I wander into the cafe for a cortado and a boccadillo, fresh chewy bread filled with newly-made, warm tortilla. Well stuffed, I go back to the main desk to ask about wi-fi. There's a sign there giving the pass word, and one of the staff points me upstairs. On the first floor is the main adult lending library (again with a floor area about the size of most of Lambeth's branch libraries), as well as a study area
(five groups of four-seater classroom style tables); a computer room (PCs at individual desks lining three walls) and a big music and DVD collection.

On this floor there's also a lecture room.

But there's another floor above housing specialist academic collections, as well as a big collection in the local dialect (Valenciano) and other languages, again with plenty of study space in three rooms.
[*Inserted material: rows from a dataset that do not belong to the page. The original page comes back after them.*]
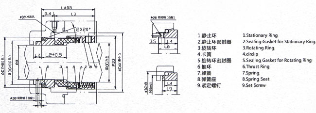 用途:用于化工、石油化工、炼油、制冷、制药、造纸、给排水、污水处理等工业泵类、反应釜、压缩机等设备的旋转轴密封,介质为水、油、有机溶剂及其它弱腐蚀性液体。
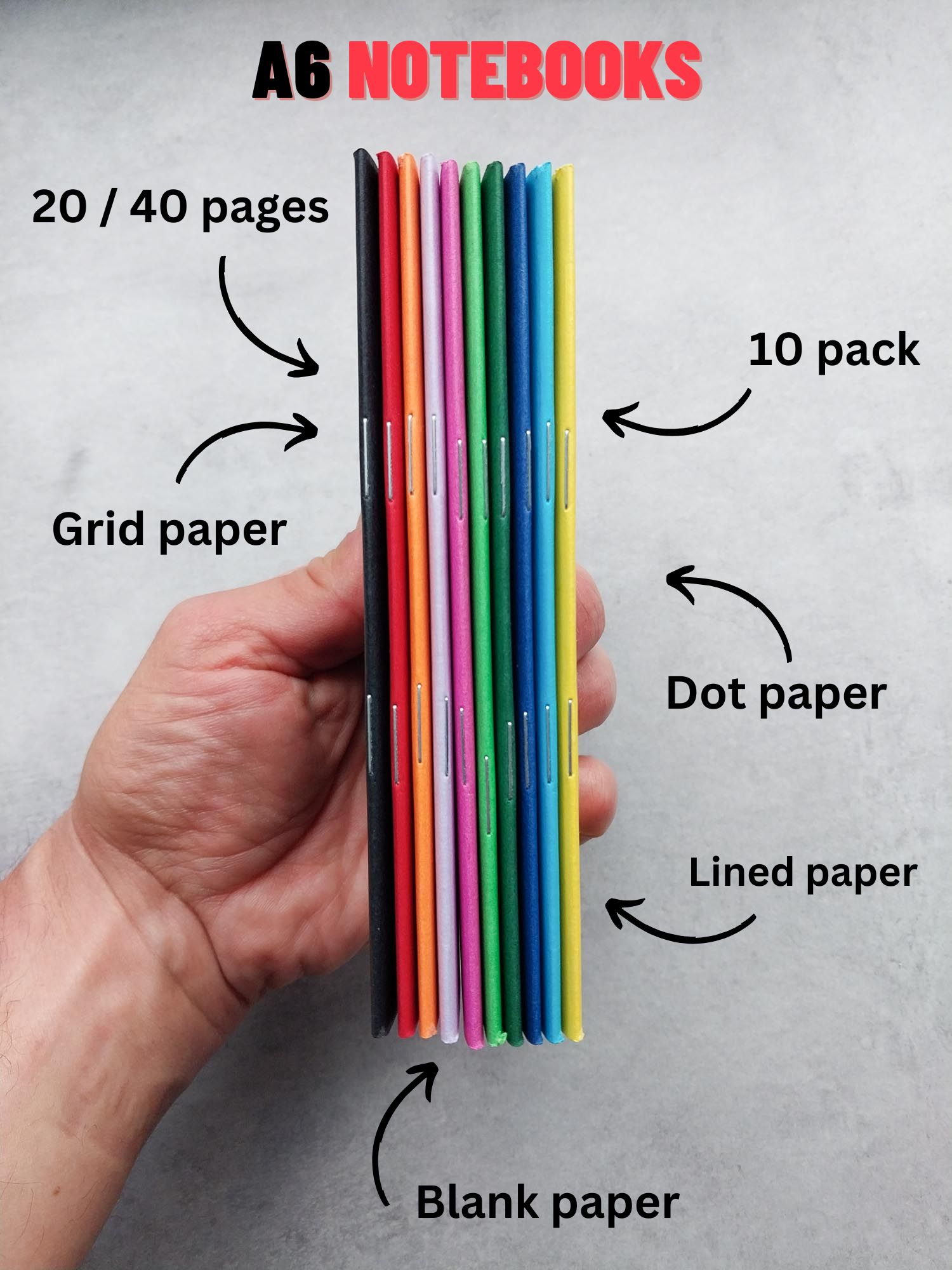 A 10 pack of A6 notebooks with 20 or 40 pages each. Perfect for stocking stuffers. keeping in your purse, to do lists and general notes.
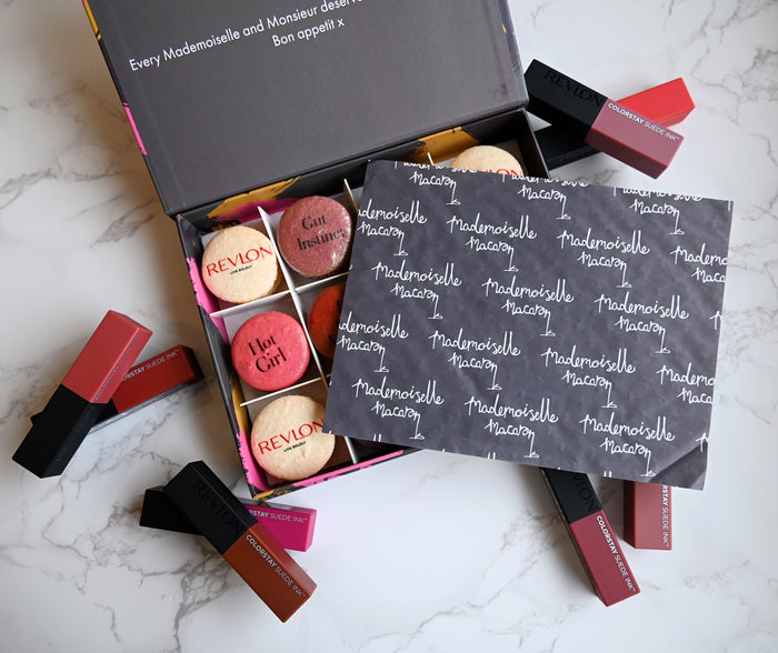 These are available with single, 2 or 3 macarons. Our larger gift boxes (6, 12, 18 and 24 macarons) are branded with the Mademoiselle Macaron logo and swooshes. If you are planning a large event and have a timescale of 2 months plus we can likely assist with branded sleeves for the outside of the boxes at an additional fee.
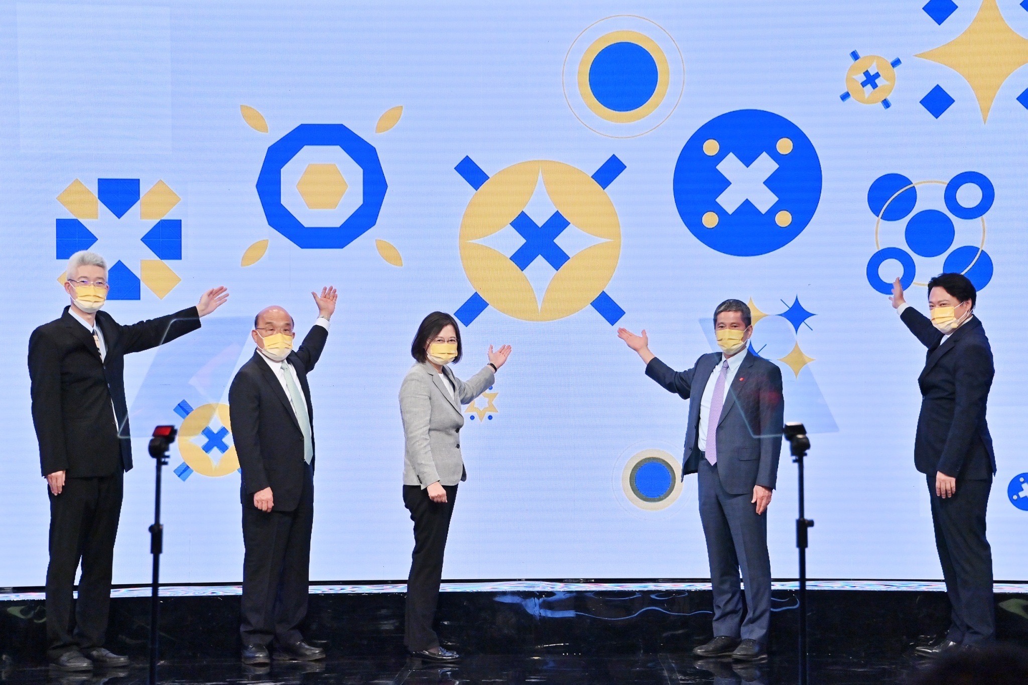 致詞結束後,蘇院長與蔡總統、文化部李永得部長、公廣集團胡元輝董事長及TaiwanPlus余佳璋代理執行長,在舞臺上共同將手比向後方LED螢幕,在主持人倒數聲中,螢幕也以照片與動畫方式呈現TaiwanPlus節目精華畫面,象徵TaiwanPlus電視頻道正式開播;啟動儀式圓滿完成後,貴賓們也一同合影留念,場面熱絡。
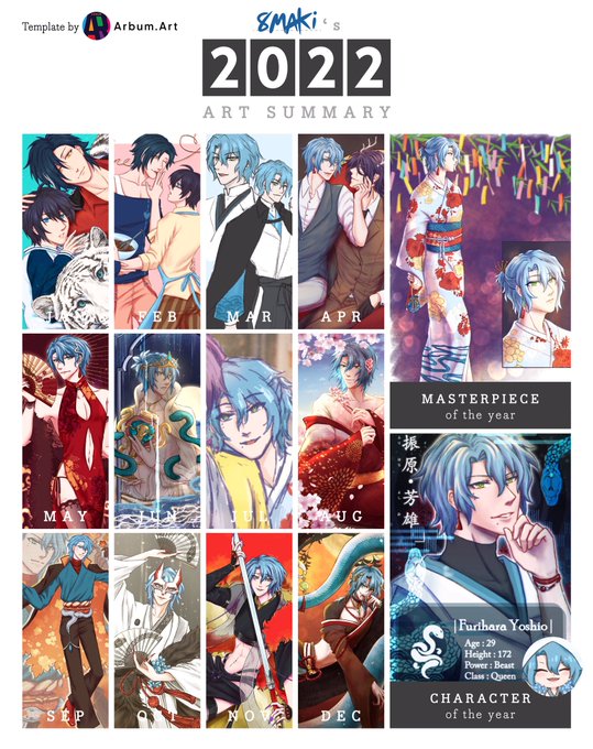 ลงรวบเลยละกัน เราแปดมากินะคะ งานตลอดปีที่ตั้งใจให้มีภาพสีทุกเดือน ได้วาดฟูลสเกลเยอะขึ้นแบบมากๆ และการหาเรฟเสื้อผ้าก็เยอะกว่าแต่ก่อนด้วย ได้ไปลงตี้วาดที่สุดท้ายพิมพ์เป็นไพ่ ได้ชาเลนท์ท้าเดธไลน์ไปหลายรอบ #Artsummary2022 #2022年を振り返る #NoTraceNoHardrefNoAi_IamRealArtist
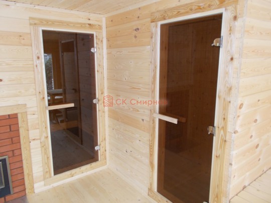 Баня на фотографии построена из сухого профилированного бруса камерной сушки
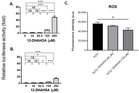 Evaluation of the antioxidant potential of DHA-derived FAHFAs in C3A cells. Reporter gene assay results of 12-DHAHOA (A) and 12-DHAHSA (B) treatment. (C) The fluorescence intensity responses to oxidative stress induced by H2O2 and the effect of 12-DHAHOA treatment. * p < 0.05, *** p < 0.001, ns: not significant (one-way ANOVA) (n = 6, mean ± SEM).
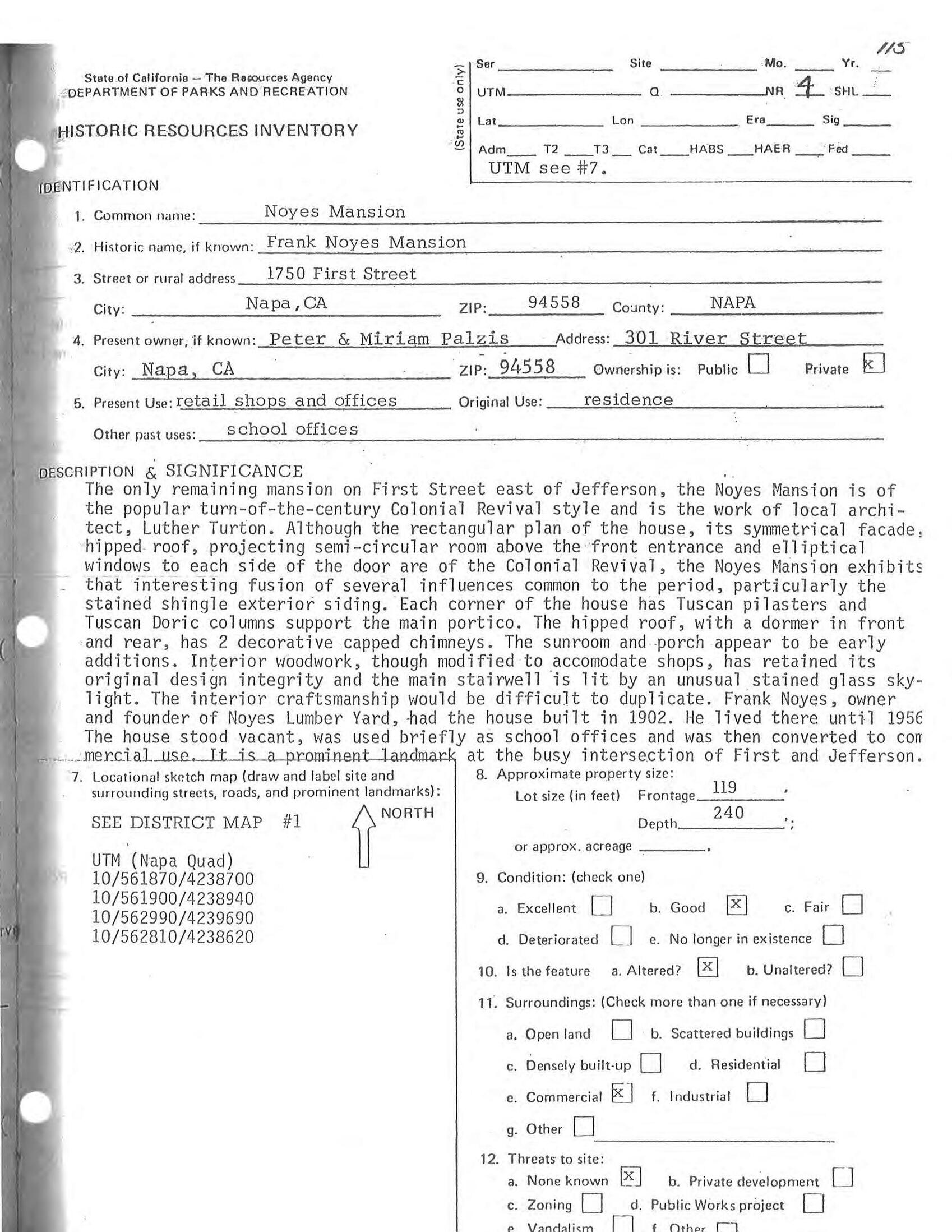 Noyes Mansion (1902) – Original residence, designed by Luther Turton. Listed in NR (1S: Individual property listed in NR by the Keeper. Listed in the CR.). City of Napa Landmark Property (5S1: Individual property that is listed or designated locally). Contributor to the potential First & Jefferson Streets Historic District (3B: Appears eligible for NR both individually and as a contributor to a NR eligible district through survey evaluation / 5B: Locally significant both individually and as a contributor to a district that appears eligible through survey evaluation).
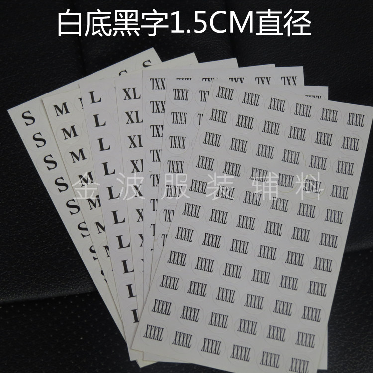 1 5cm white background with black characters (XS) 1 5cm white background with black characters (S) 1 5cm white background with black characters (M) 1 5cm white background with black characters (L) 1 5cm white background with black characters (X
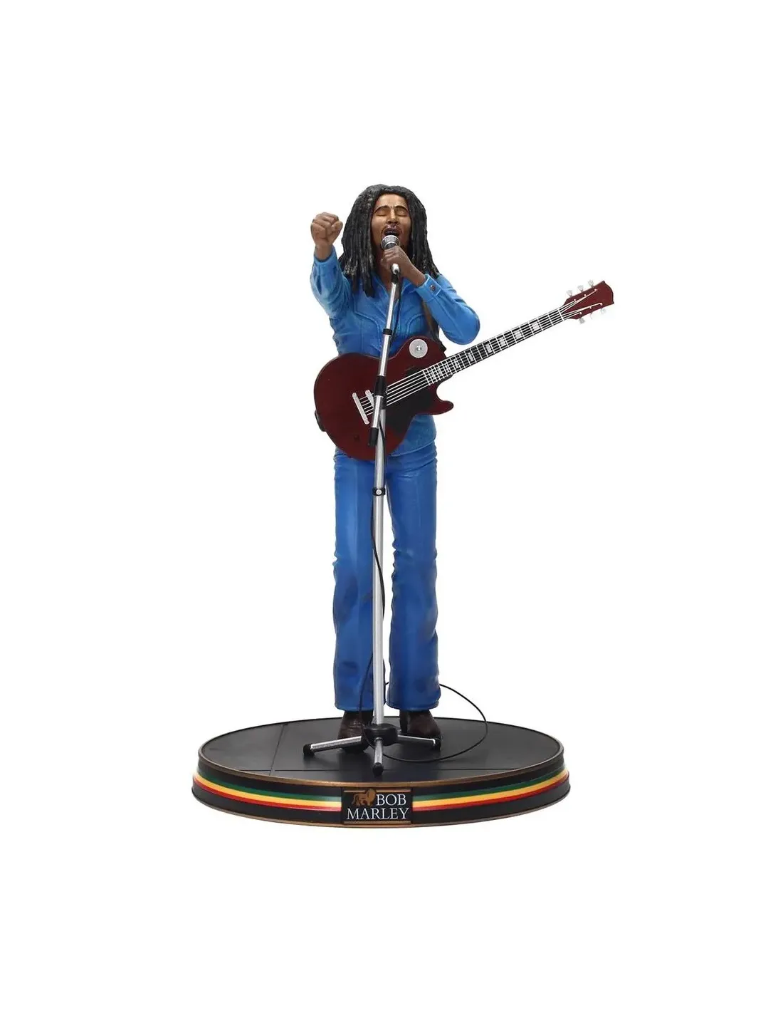 Características de la figura Bob Marley Concierto Rainbow'77 18 cmEsta figura de colección rinde homenaje al legendario **Bob Marley**, capturando un momento icónico de su actuación en el **teatro Rainbow de Londres en 1977**. Diseñada con gran nivel de detalle, es una pieza imprescindible tanto para **coleccionistas**, como para **fans de la música reggae** y admiradores del artista jamaicano. Su posado característico, su vestimenta fiel al original y la expresividad de su gesto transmiten el mensaje de **unidad y resistencia** que Bob Marley llevó al mundo entero.Diseño fiel al concierto histórico de 1977Esta figura representa a Bob Marley en plena acción, recreando con precisión su atuendo y actitud en el escenario durante uno de sus conciertos más recordados. Cada elemento está pensado para reflejar su carisma y energía.Altura aproximada: 18 cmVestimenta detallada: pantalón y camisa vaquera azulIncluye micrófono y guitarra, con postura de puño en altoPieza de colección para fans del reggae y la cultura musicalCon un acabado que transmite la fuerza simbólica del artista, esta figura no solo decora, sino que evoca el legado de uno de los máximos exponentes de la música y los derechos sociales del siglo XX.Figura de acción estática con base estableIdeal para exponer en vitrinas, estanterías o espacios temáticosRegalo perfecto para coleccionistas o admiradores del género reggaeOtras especificacionesInspirada en el concierto "Rainbow Theatre" (Londres, 1977)Diseño y acabados de alta calidadAltura indicada en el texto original: 20 cm (puede variar según fabricante)
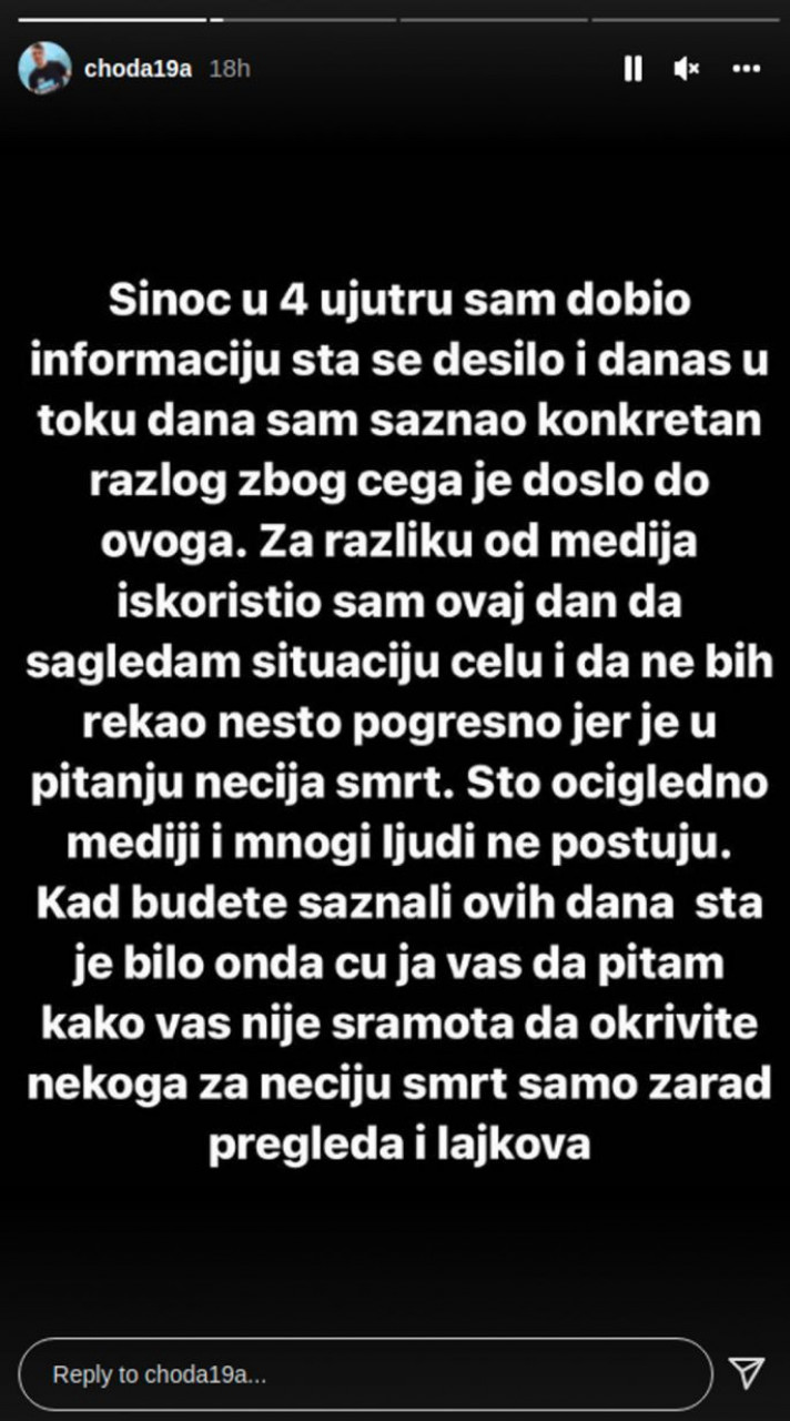 - У 4 ујутру добио сам информацију шта се десило и данас у току дана сам сазнао конкретан разлог због чега је дошло до овога. Искористио сам овај дан да сагледам целу ситуацију и да не бих рекао нешто погрешно јер је у питању нечија смрт. Када будете сазнали ових дана шта је било, онда ћу ја вас да питам како вас није срамота да окривите некога за нечију смрт само зарад прегледа и лајкова - објаснио је Данило Бадњар, а потом изјавио саучешће породици.
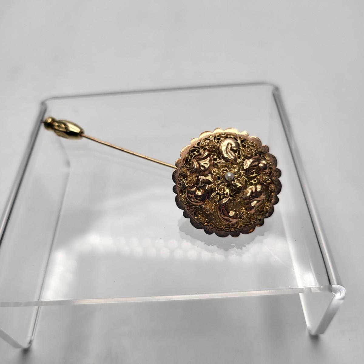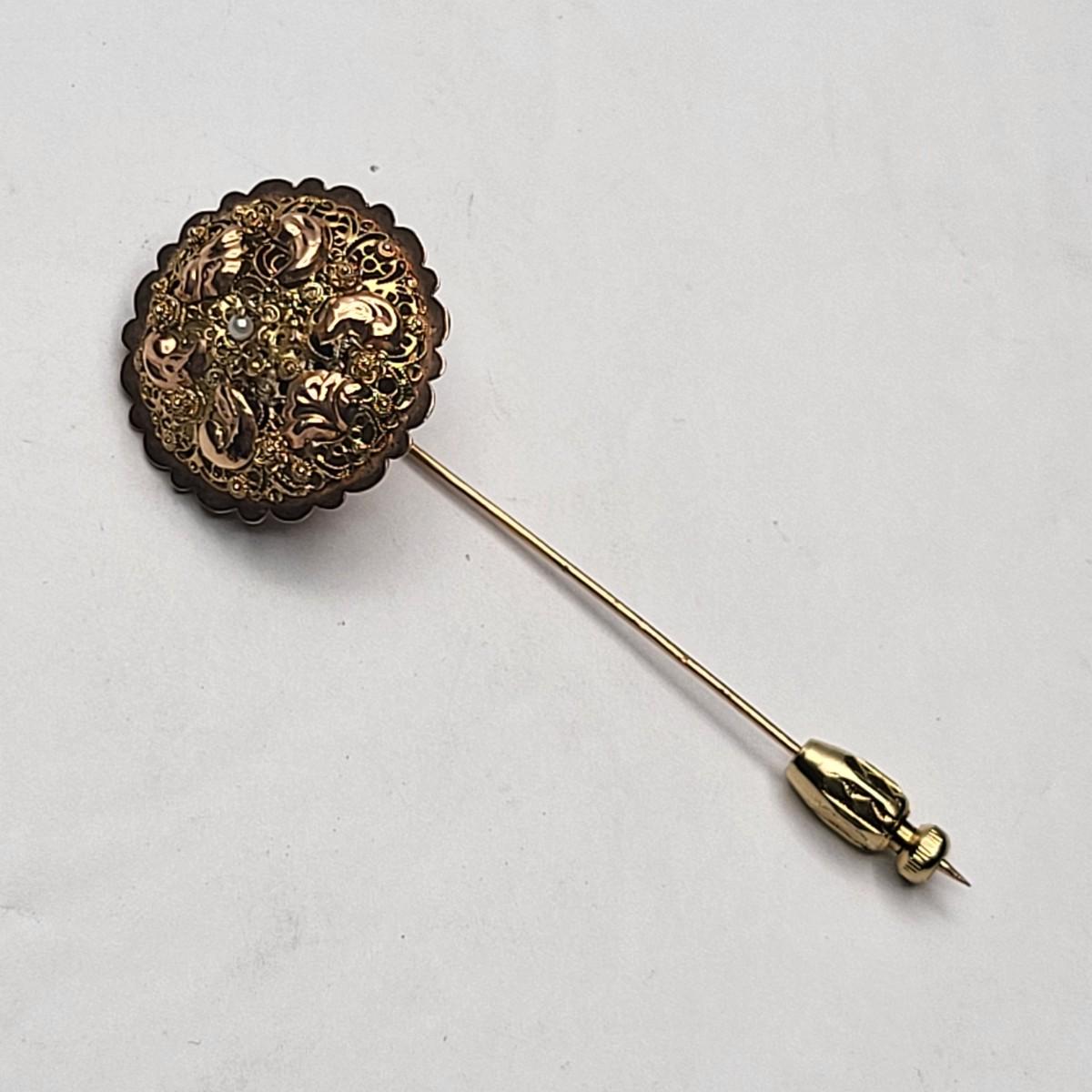 Possibly rose & yellow gold, ornate stick pin 3.25" long x 1.25".
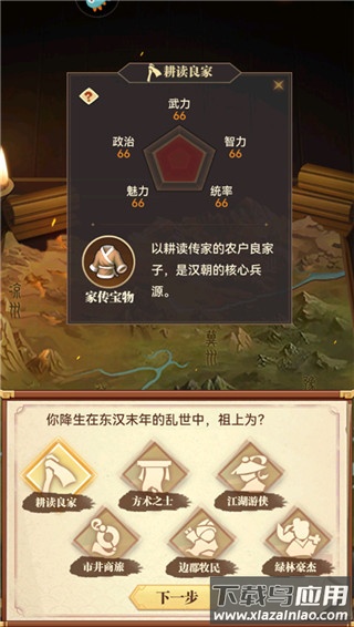 2、跳过开场剧情后,选择出身背景,不同出身提供各异的基础属性;

Above that there's the city archive.

On each floor there are four or five staff at work, working toilets and bathrooms, power points for charging your laptop, stationery to borrow. It's a dream of an ideal public library and it is always busy, but never uncomfortably packed, even though I arrive towards the end of the year's main exam season. Oh yes, because of these exams the library is open up to midnight on weekdays.

As a whole this library brings together aspects of our very own Minet, Carnegie and Tate South Lambeth Libraries in a building that's bigger than the Brixton central library, more spacious, better equipped and better staffed. I'm not sure if the staff here are as knowledgable and friendly as you lot in Lambeth…in fact I doubt if they could be. But they have secure jobs….

Anyway, this place becomes my spiritual home, and I can't help thinking….Gandia is a small city, 80,000 population, and this is not its only library. Most of Spain has been hit far harder by the 2008 economic crash than the UK. I'm not an economist but I see that Spain's GDP per capita is about 29,000 pounds per annum compared with the UK's 44,000 pounds…

…But then we need all that extra cash to buy our ludicrously overpriced apartments, oh and for all the advanced features of our society that, as well know, don't really do much to add to the sum total of human happiness.

So for as long as I can I will enjoy the marble-floored, light, cool spaces of this library. I know that until recently I would have told a SPanish teacher that at least in Lambeth you will find some good local libraries, where you can work, relax, study, meet people. Now, of course, I know that this will not be true for large areas of that borough very soon…unless.

Will be back I hope in time for the next big march. Thanks and love to everyone working so hard to Save Lambeth's wonderful libraries!